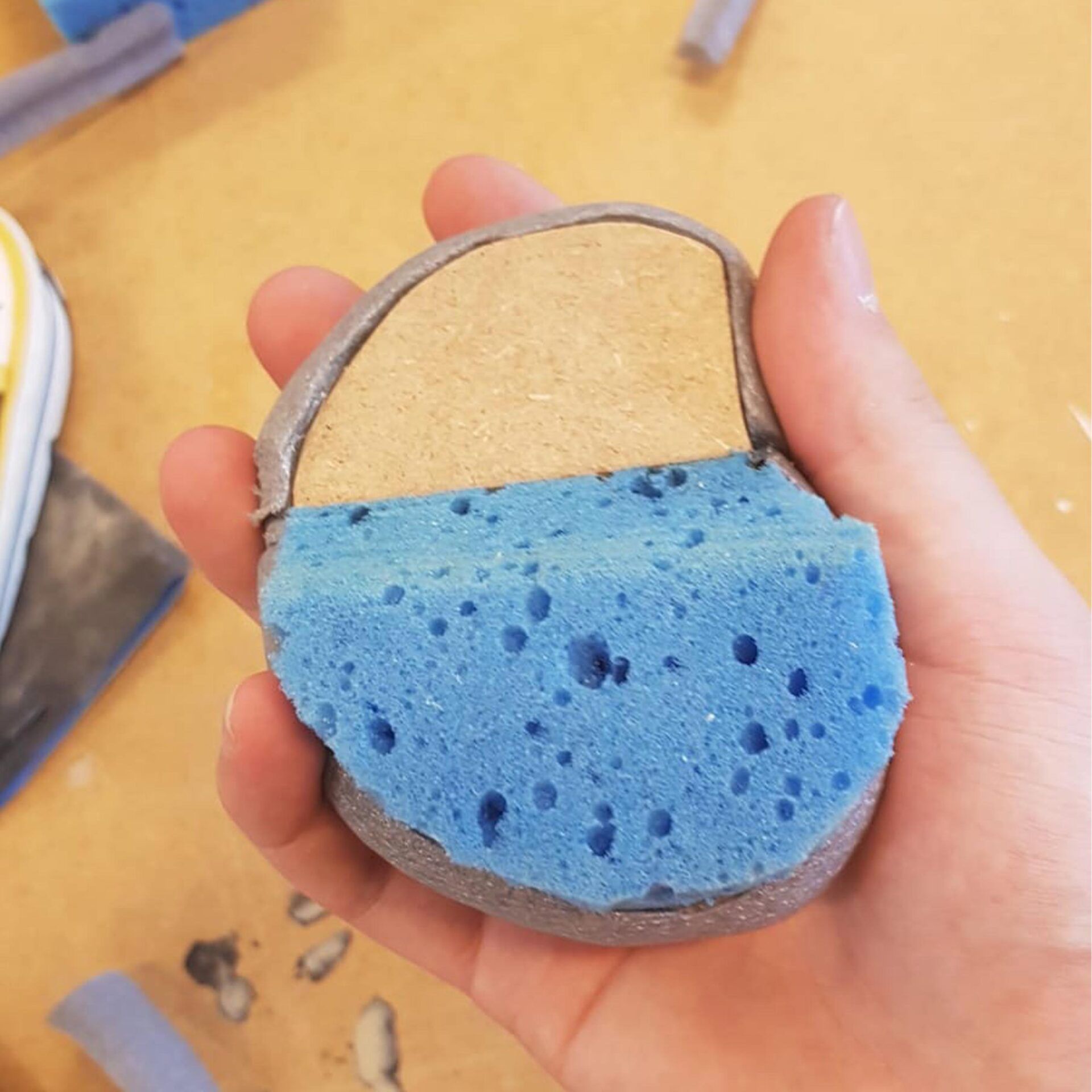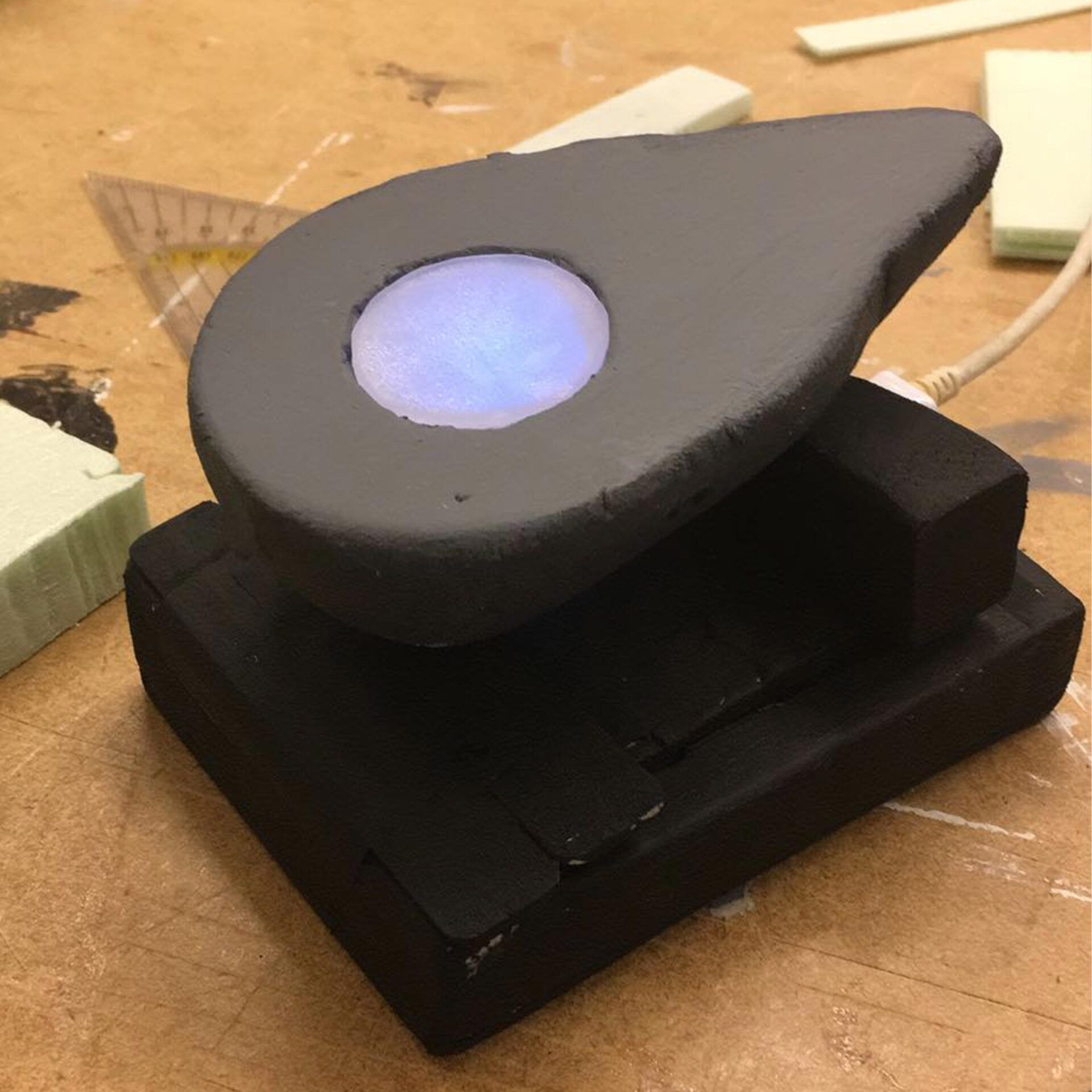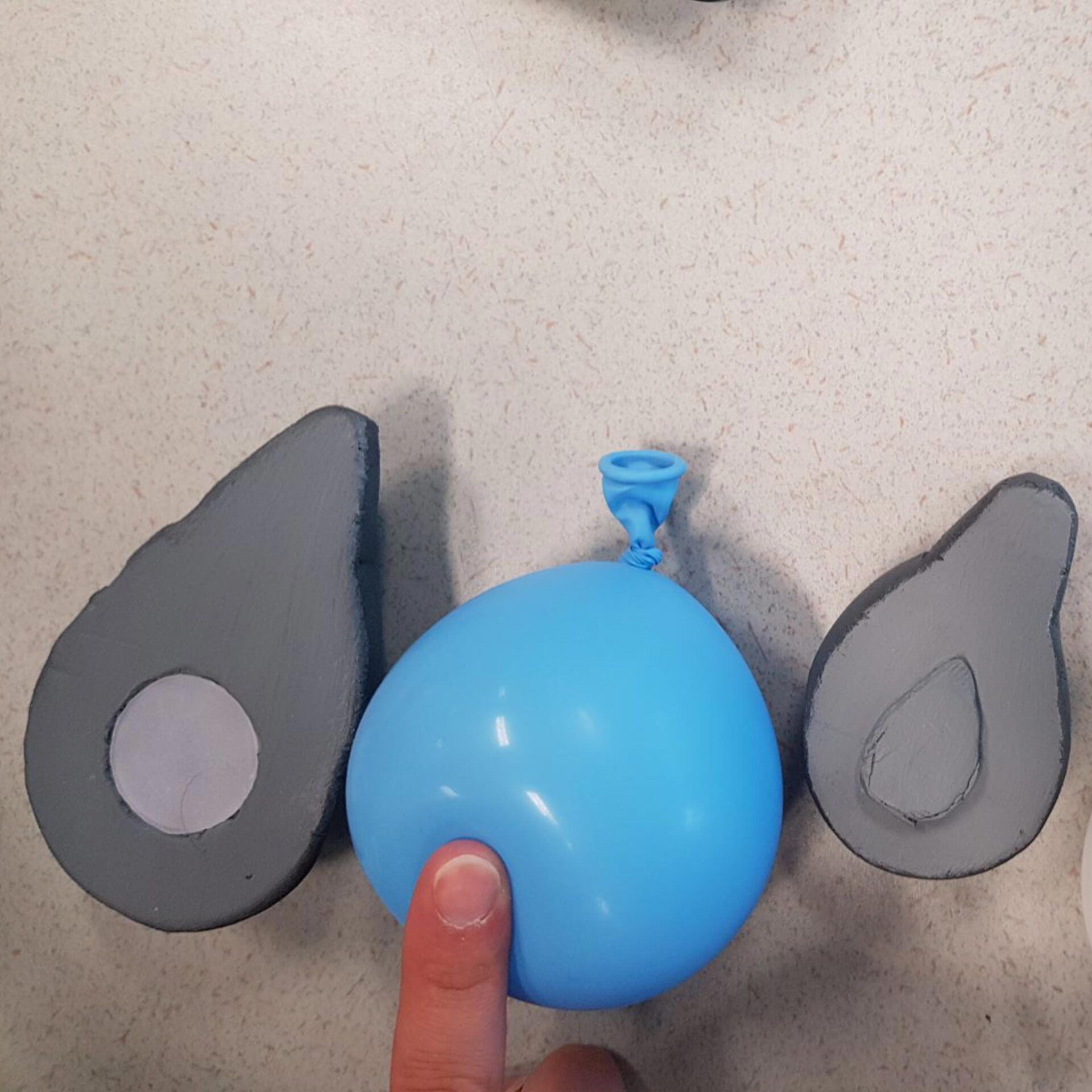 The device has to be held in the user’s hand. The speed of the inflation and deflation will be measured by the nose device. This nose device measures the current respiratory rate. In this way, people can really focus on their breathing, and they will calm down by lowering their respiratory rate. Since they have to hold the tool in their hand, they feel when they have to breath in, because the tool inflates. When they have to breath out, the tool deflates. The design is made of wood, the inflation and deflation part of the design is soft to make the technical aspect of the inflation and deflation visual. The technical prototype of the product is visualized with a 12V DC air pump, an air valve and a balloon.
...
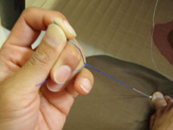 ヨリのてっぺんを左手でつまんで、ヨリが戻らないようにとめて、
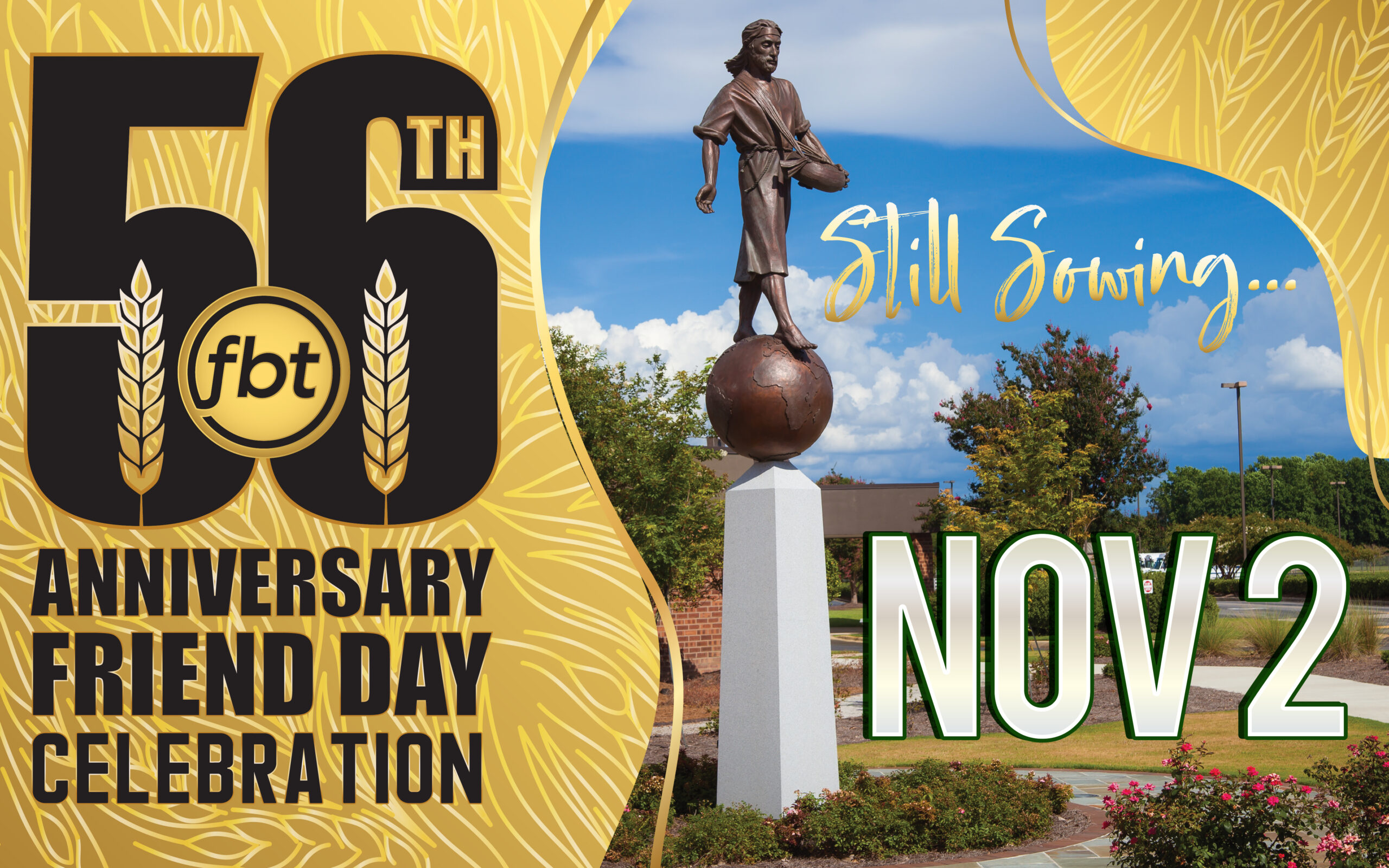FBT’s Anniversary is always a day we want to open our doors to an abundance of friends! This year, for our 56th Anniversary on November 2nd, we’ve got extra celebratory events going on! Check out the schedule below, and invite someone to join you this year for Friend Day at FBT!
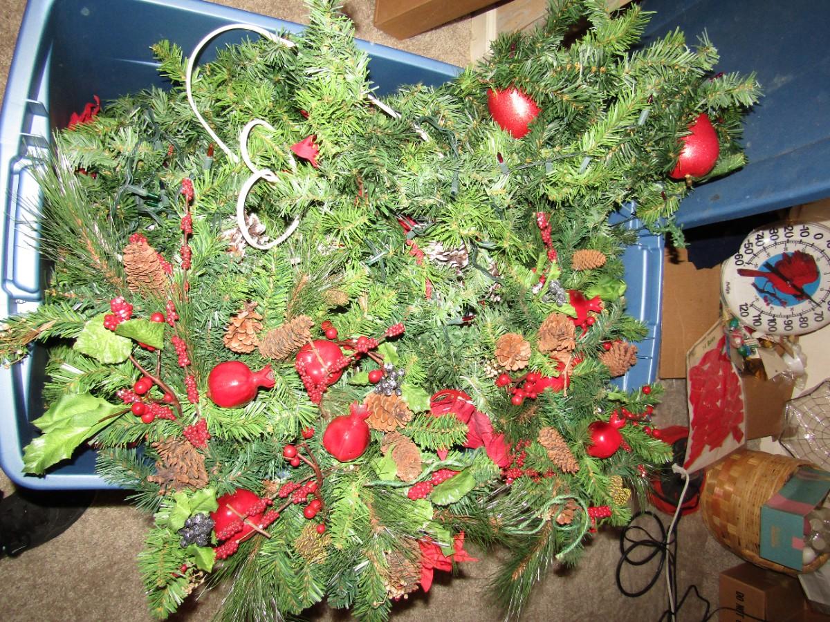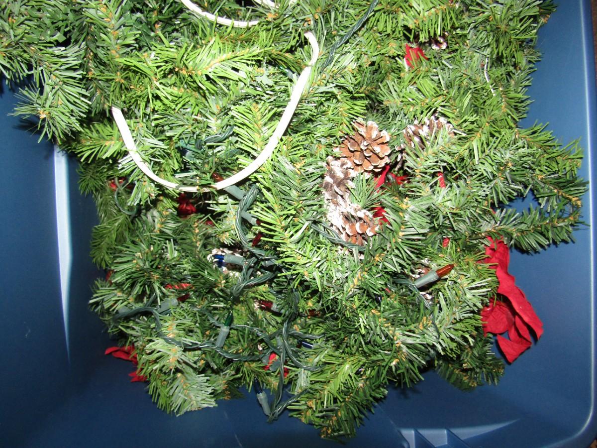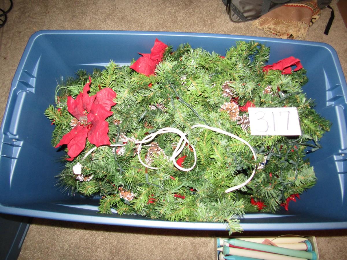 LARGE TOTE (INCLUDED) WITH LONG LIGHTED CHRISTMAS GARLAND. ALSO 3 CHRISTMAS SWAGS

### Work required
Of the lines above, copy only those from the one holding "ヨリのてっぺんを左手でつまんで、ヨリが戻らないようにとめて、" to the one holding "FBT’s Anniversary is", both included, and exclude every image.

### Reply to the task
 ヨリのてっぺんを左手でつまんで、ヨリが戻らないようにとめて、
FBT’s Anniversary is always a day we want to open our doors to an abundance of friends! This year, for our 56th Anniversary on November 2nd, we’ve got extra celebratory events going on! Check out the schedule below, and invite someone to join you this year for Friend Day at FBT!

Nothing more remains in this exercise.